Erosion Rates and Debris Flow History Reconstruction: a Comparison of Carbon and Cosmogenic Nuclide Dating Techniques

Hillslope scale erosion rates in landslide-dominated landscapes are difficult to measure. These small spatial scales often lack representative alluvium which is typically used to infer catchment-averaged erosion rates. Furthermore, bedrock sampling tends to underestimate true erosion rates while areas with complete preservation of eroded material and datable markers occur only under special circumstances. We seek to use cosmogenic nuclide concentrations accumulated in debris flow material to determine hillslope scale erosion rates. Two small, completely preserved fans deposited on a strath terrace of the South Fork Eel River in northern California provide an opportunity to test this technique. The debris flows, likely induced by deep-seated landsliding, are preserved in the fans as episodic mass flow events with interlaced transient, fluvial activity.
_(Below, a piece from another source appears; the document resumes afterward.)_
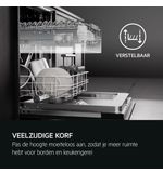 Met genoeg capaciteit om de vaat van een uitgebreid diner of een groot gezin moeiteloos de baas te kunnen, biedt deze vaatwasser een handige oplossing voor elke situatie. Het unieke rekontwerp zorgt ervoor dat niet alleen borden en bestek, maar ook grotere pannen en delicate glazen veilig en efficiënt kunnen worden gereinigd. Dankzij de QuickSelect touch-bediening kun je eenvoudig het gewenste programma selecteren, terwijl de satelliet-sproeiarm ervoor zorgt dat elke hoek van de vaatwasser wordt bereikt, voor een grondige reiniging.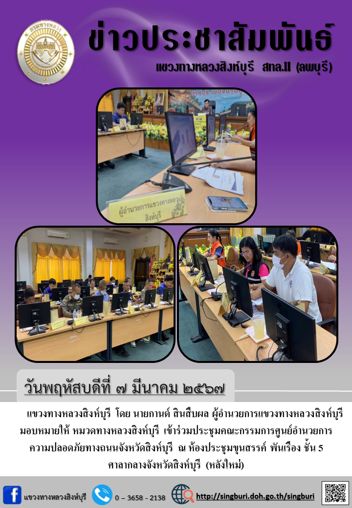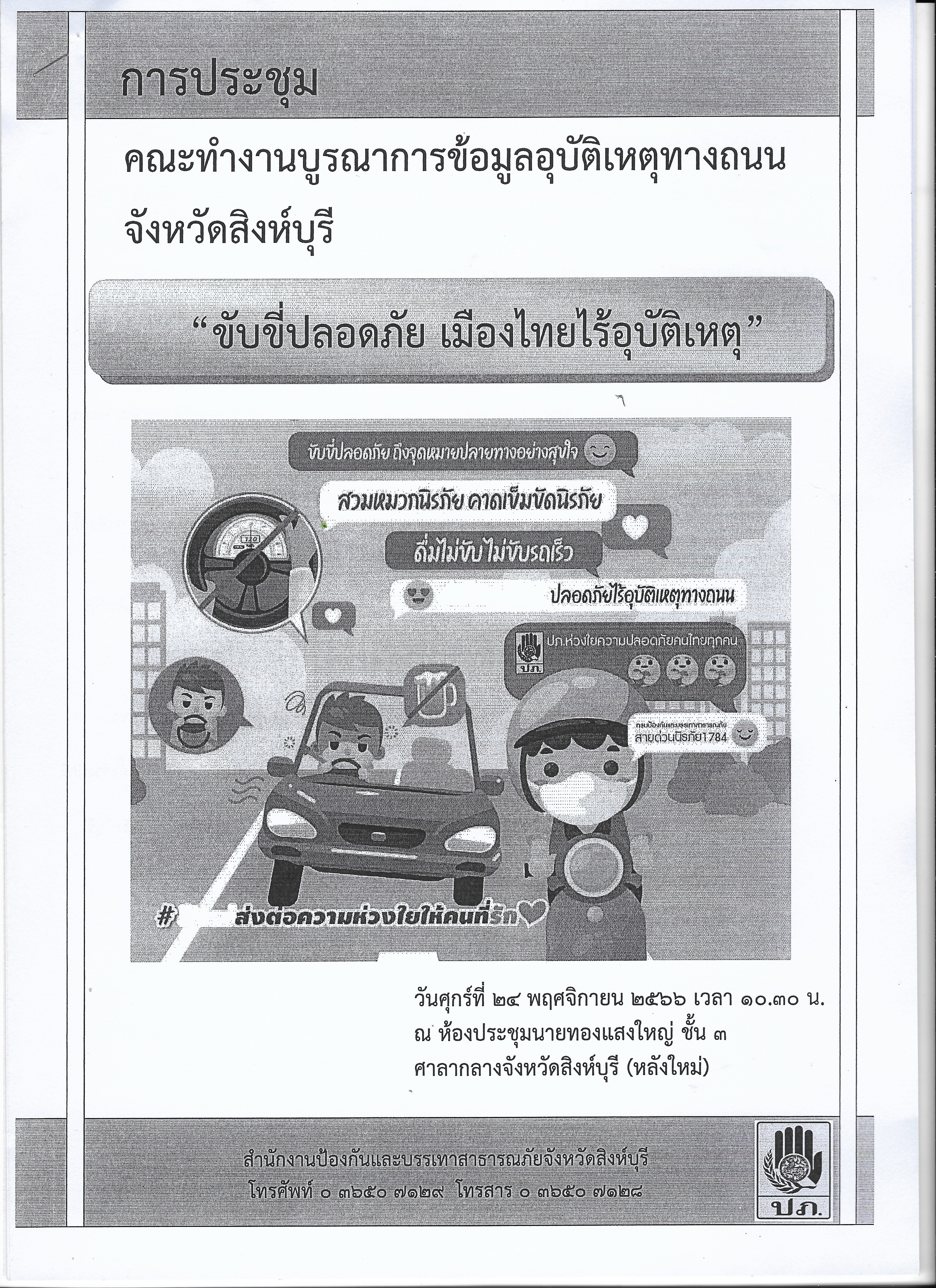 นางประภาศิริ อ้วนศรี ตำแหน่งเจ้าพนักงานสถิติชำนาญงาน เข้าร่วมการประชุมคณะทำงานบูรณาการข้อมูลอุบัติเหตุทางถนนจังหวัดสิงห์บุรี ณ ห้องประชุมนายทองแสงใหญ่ ชั้น ๓ ศาลากลางจังหวัดสิงห์บุรี (หลังใหม่)

We collected material for cosmogenic nuclide analysis from prescribed depth intervals in profile at the upper and lower limits of the fan. These cosmogenic erosion rates are compared with volumetrically determined rates based on carbon dating. Two charcoal samples from the upper and lower limits of the fan act to constrain deposition to a period of 5 kyr during the Holocene. The fan volumes, divided by development time and upslope drainage areas, give volumetric lowering rates of approximately 0.1 and 0.5 mm/yr. These results straddle other researchers' erosion rates obtained from modern stream sediment and strath terraces in the area using cosmogenic techniques. Similar results between our two techniques will support the use of cosmogenic nuclides in determining erosion rates in debris flow material. Such uses, not currently demonstrated, will allow local erosion rates to be derived in a variety of geomorphically active areas, ultimately helping to quantify landscape formation and evolution.